Exercise instructions >> From the entries below, print exactly the span beginning with the line holding "Tapi, ada juga" and ending with the line holding "Another must-have for", endpoints included, and skip any pictures.

Task material >>
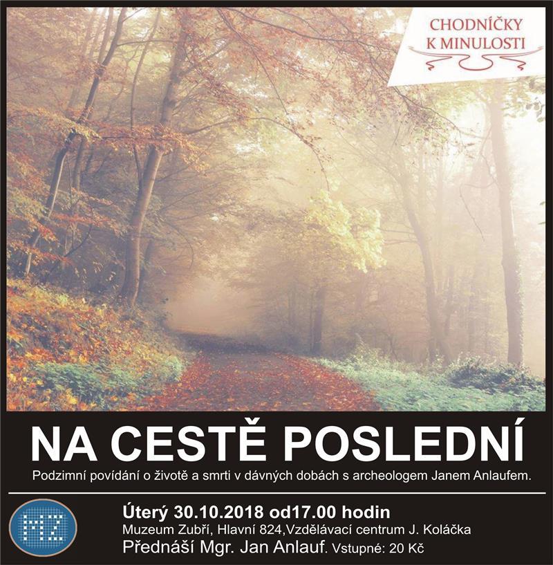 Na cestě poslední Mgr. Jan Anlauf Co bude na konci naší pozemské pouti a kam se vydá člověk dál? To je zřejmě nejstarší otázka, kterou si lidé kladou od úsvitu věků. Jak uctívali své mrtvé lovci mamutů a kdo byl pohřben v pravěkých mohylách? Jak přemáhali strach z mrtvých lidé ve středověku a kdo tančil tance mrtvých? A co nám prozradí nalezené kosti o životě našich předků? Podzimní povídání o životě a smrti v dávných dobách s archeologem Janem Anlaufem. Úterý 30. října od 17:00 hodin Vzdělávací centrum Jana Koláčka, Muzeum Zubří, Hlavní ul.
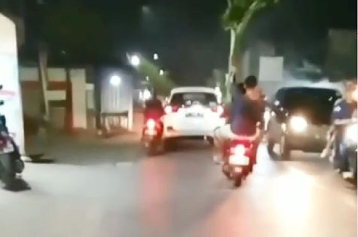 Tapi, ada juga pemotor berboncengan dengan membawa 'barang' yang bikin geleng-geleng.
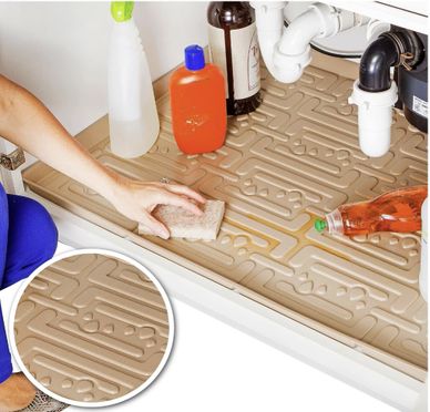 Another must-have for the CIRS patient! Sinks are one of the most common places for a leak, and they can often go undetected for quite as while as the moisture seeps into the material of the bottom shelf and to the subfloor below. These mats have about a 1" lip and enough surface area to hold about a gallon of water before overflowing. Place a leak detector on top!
...
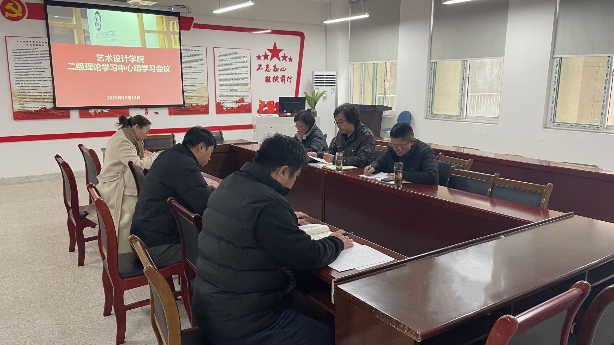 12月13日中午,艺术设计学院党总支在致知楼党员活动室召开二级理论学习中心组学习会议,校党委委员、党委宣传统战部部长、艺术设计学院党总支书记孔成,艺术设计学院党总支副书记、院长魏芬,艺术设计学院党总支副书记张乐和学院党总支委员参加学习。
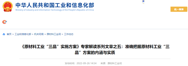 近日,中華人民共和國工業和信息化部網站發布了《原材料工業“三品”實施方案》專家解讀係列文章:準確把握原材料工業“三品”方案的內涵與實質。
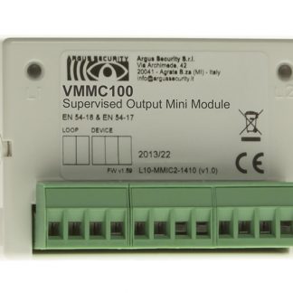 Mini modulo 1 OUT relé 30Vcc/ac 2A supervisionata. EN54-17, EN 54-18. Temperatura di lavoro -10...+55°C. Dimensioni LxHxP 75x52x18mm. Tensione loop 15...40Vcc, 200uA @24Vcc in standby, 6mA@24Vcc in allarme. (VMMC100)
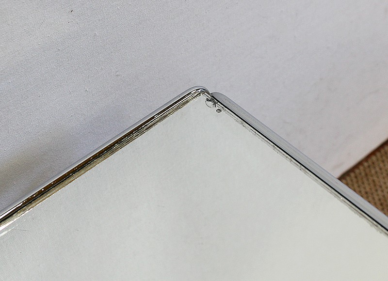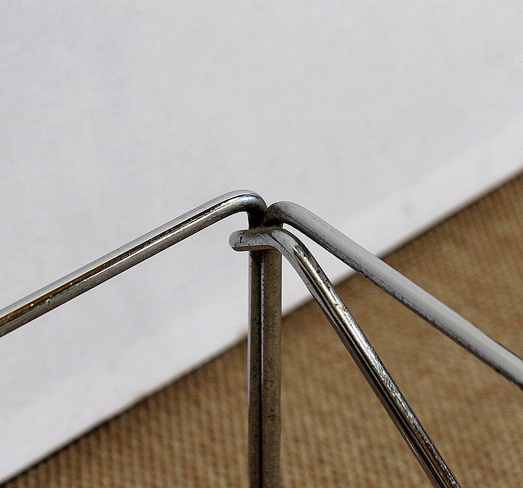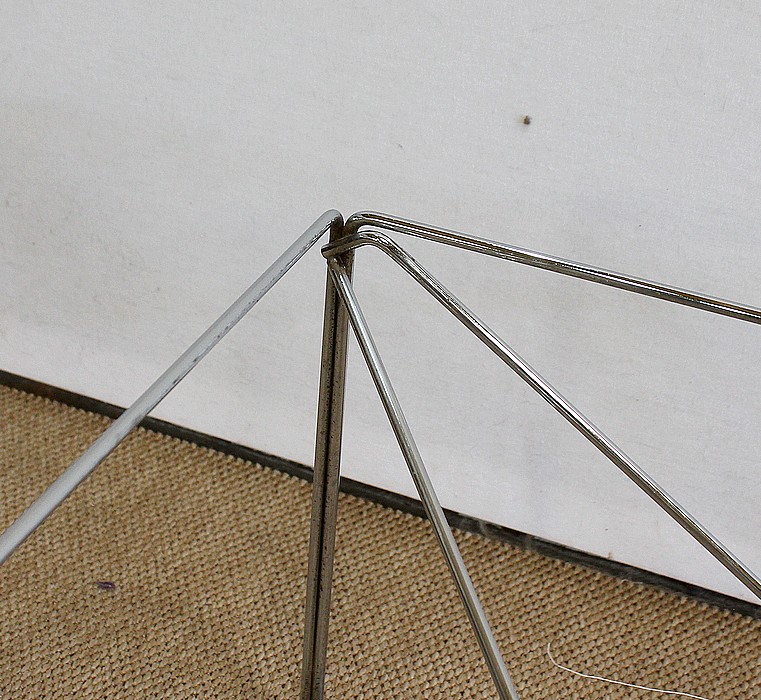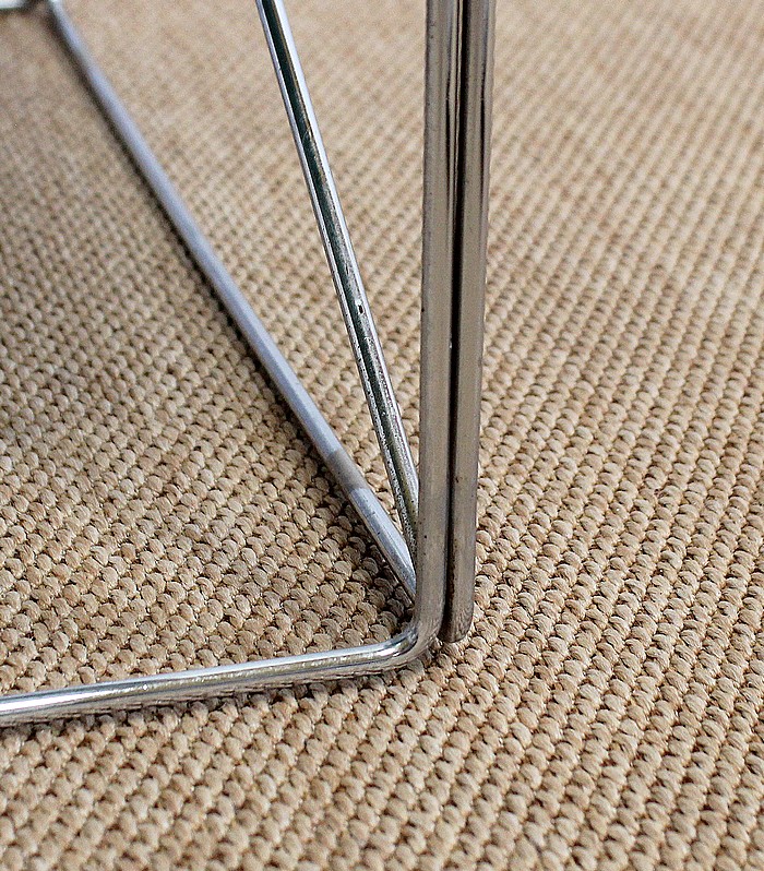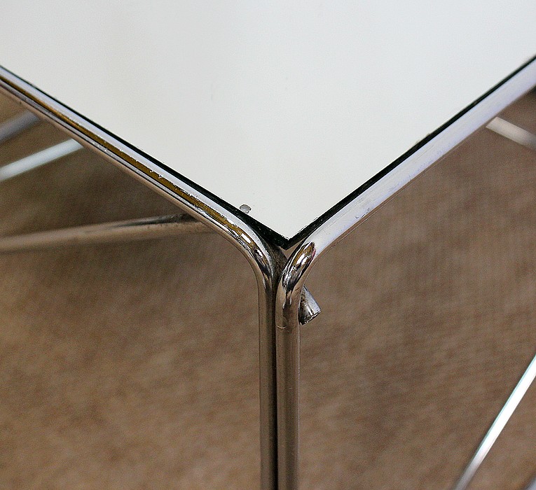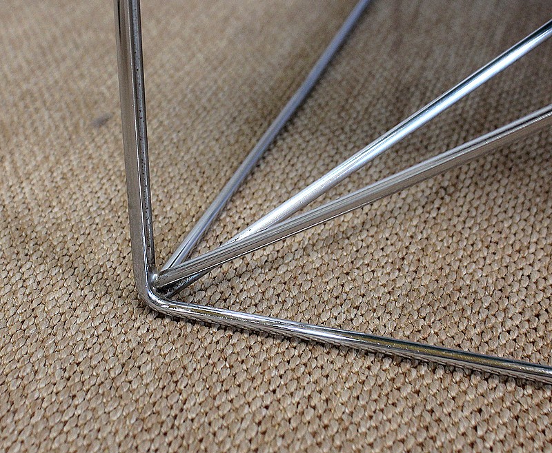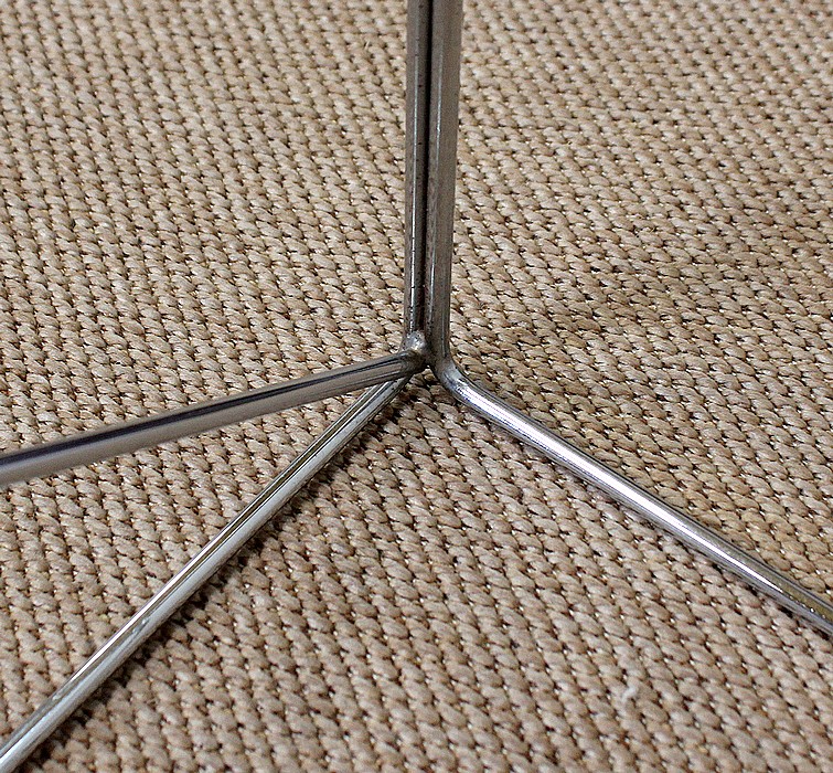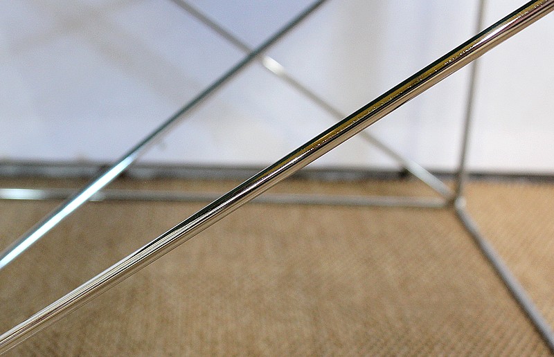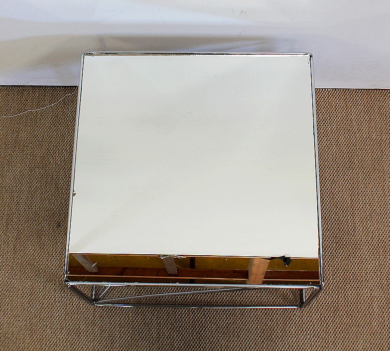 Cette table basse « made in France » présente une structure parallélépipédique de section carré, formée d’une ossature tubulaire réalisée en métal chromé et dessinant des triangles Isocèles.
==
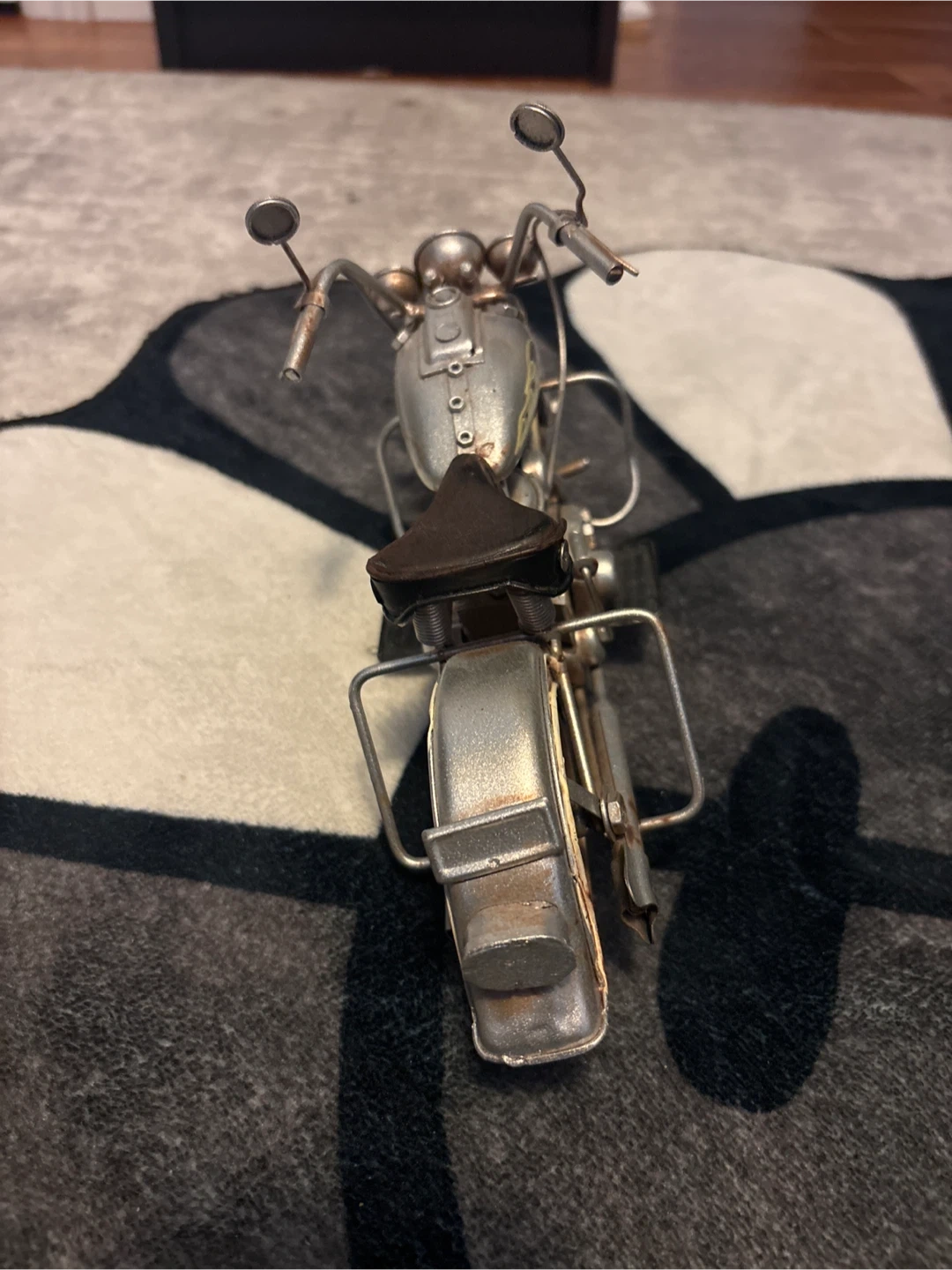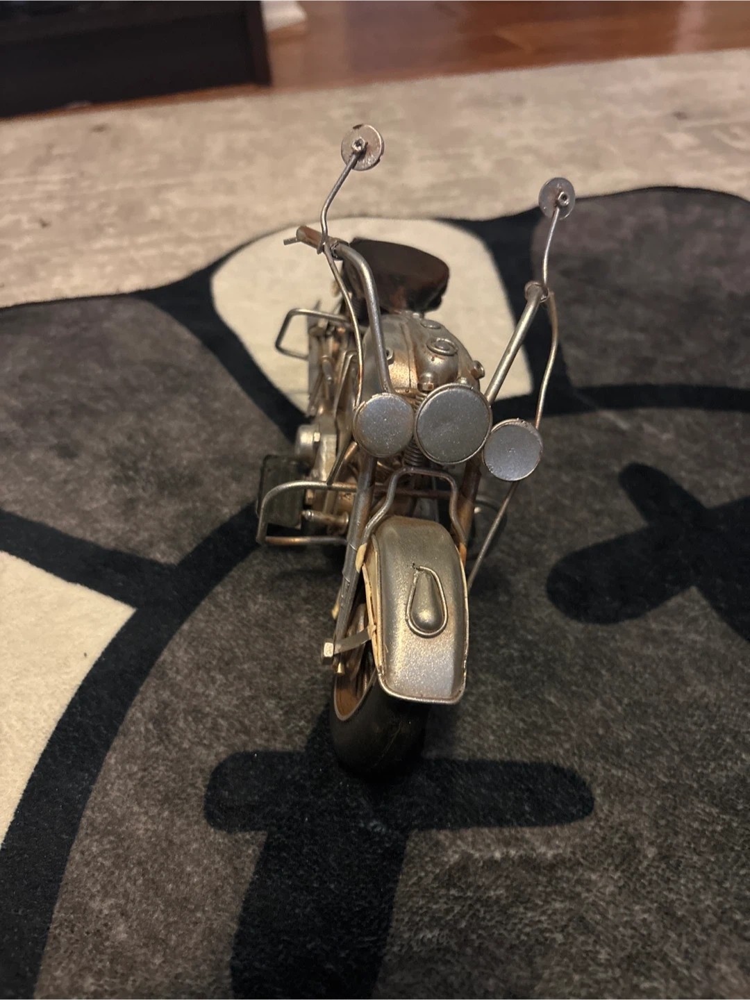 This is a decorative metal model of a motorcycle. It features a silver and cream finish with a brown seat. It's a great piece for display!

Solution >>
 Tapi, ada juga pemotor berboncengan dengan membawa 'barang' yang bikin geleng-geleng.
 Another must-have for the CIRS patient! Sinks are one of the most common places for a leak, and they can often go undetected for quite as while as the moisture seeps into the material of the bottom shelf and to the subfloor below. These mats have about a 1" lip and enough surface area to hold about a gallon of water before overflowing. Place a leak detector on top!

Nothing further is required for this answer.